His ability to adapt to pitch conditions has further proved how much he has improved over the past six months. For example, Mitch Santner got the better of Pujara in the first innings of the third Test at Indore. The Kiwi spinner pitched the ball slightly outside the off stump and the turn on the pitch did the rest when Pujara tried to play it on the front-foot. Pujara immediately tweaked his technique in the second innings by increasing his stride and playing the ball as quickly as possible to cut the turn. Santner was unable to come up with fresh ideas, while Pujara rode to his century easily. 

Unlike the series they played in 2015, India played on more competitive tracks this time, but Pujara's approach was full of confidence. Despite Virat Kohli getting much of the spotlight for his captaincy and his double century in the final Test against the Kiwis, Pujara was arguably the best performer with the bat.

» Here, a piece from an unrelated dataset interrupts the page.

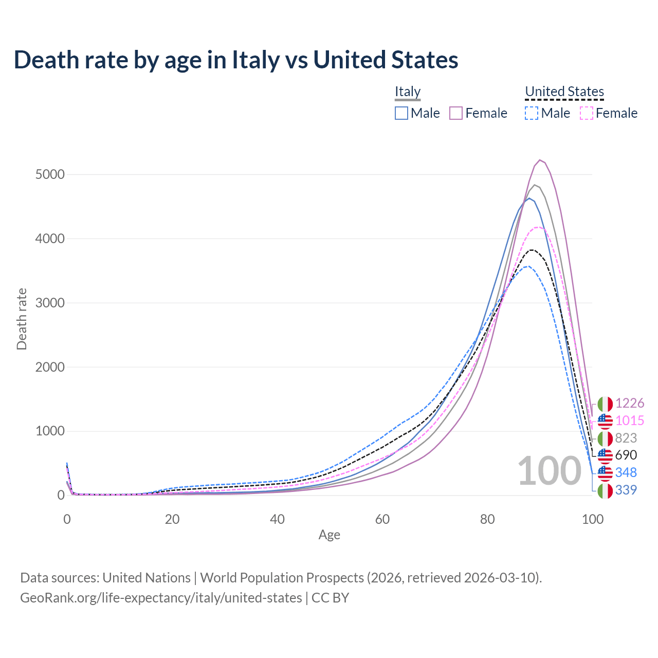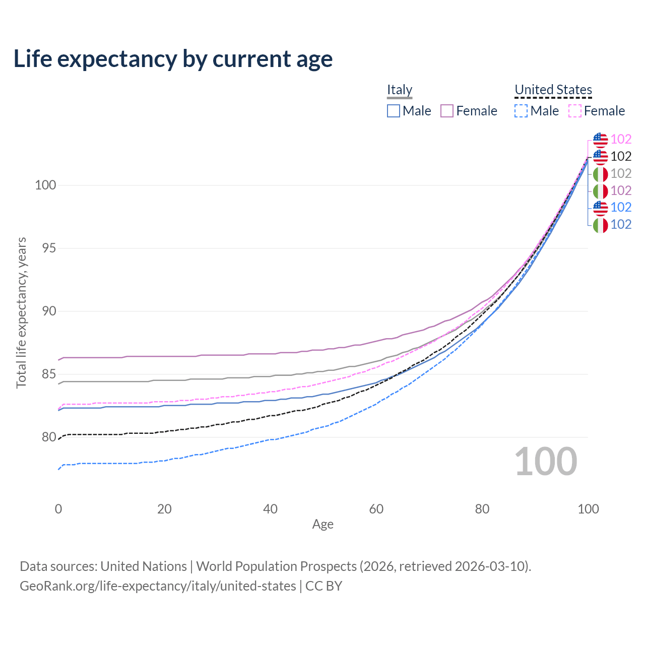 This life expectancy calculator shows the odds of living to 100, 95, 90, and below based on current age for both males and females in Italy and the United States, along with mean and median age of death. The calculations are based on the 2026 life tables (actuarial tables) from the UN World Population Prospects.
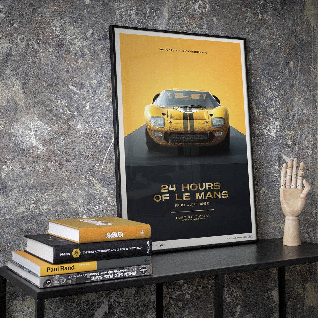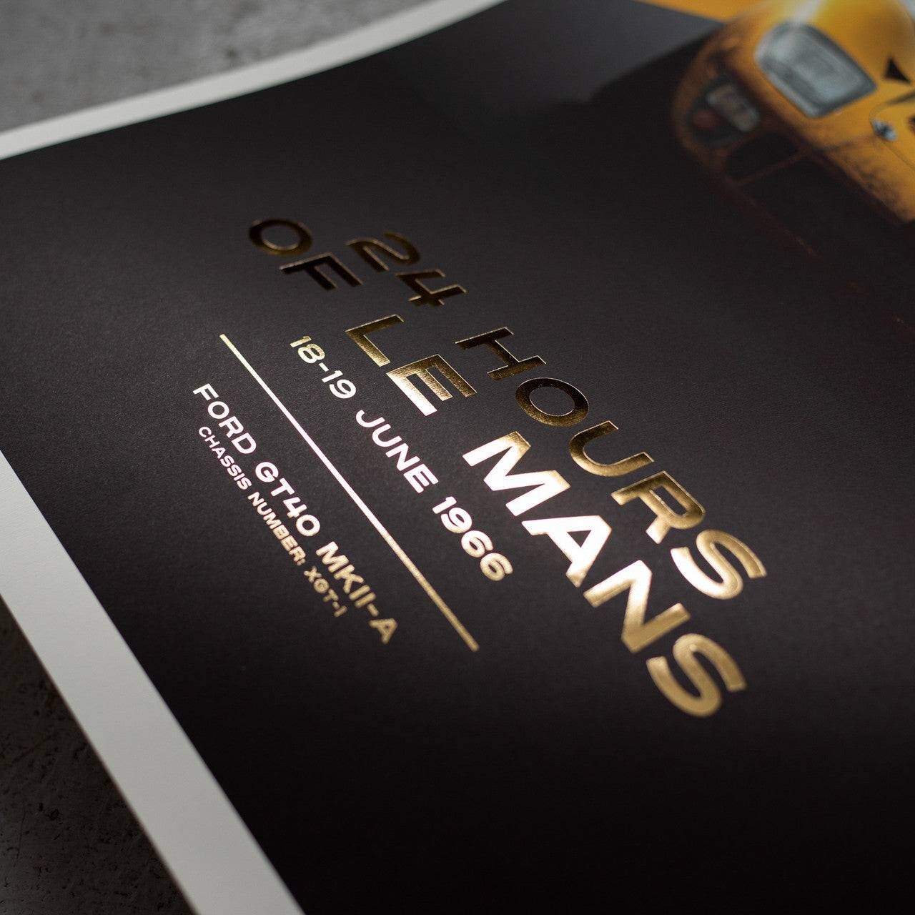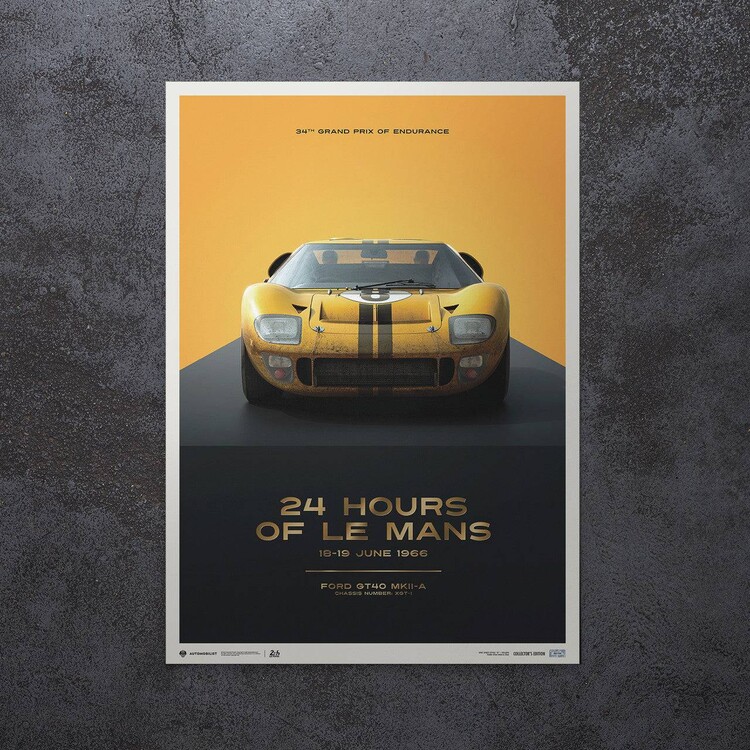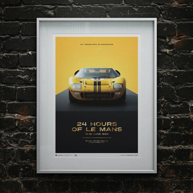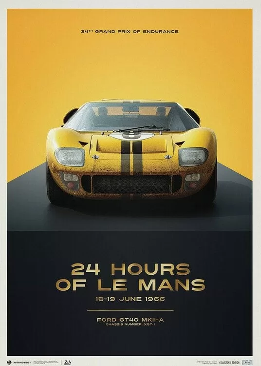 This poster features the yellow-colored Alan Mann Racing Ltd. GT40 driven by Sir John Whitmore and Frank Gardner in ‘66.

In the current series against England, he has picked up where he left off by scoring a hundred at his home ground in Rajkot and one more in the second Test at Vizag. On each occasion, Gambhir fell early and it was Pujara's duty to steady the ship alongside Vijay or Kohli. He took a few hits from the England pacers at times, but his focus and concentration never wavered.

When quizzed about this slow approach, Pujara was ready with the answers. " When it comes to Test cricket, we don't need to focus much on strike rate. It's about having a positive intent. Overall, on such wickets, obviously, you can't keep scoring runs at strike rates above 70-80. You have to play according to the situation, know what the team requires, what number you're batting at,” he gave a calm and fitting reply to people who were now after his approach after looking at his improved performances.

Pujara is no Rahul Dravid. But he has developed the temperament and mindset of someone who can deliver consistent performances despite not having the spotlight on him - much like Dravid in his best days.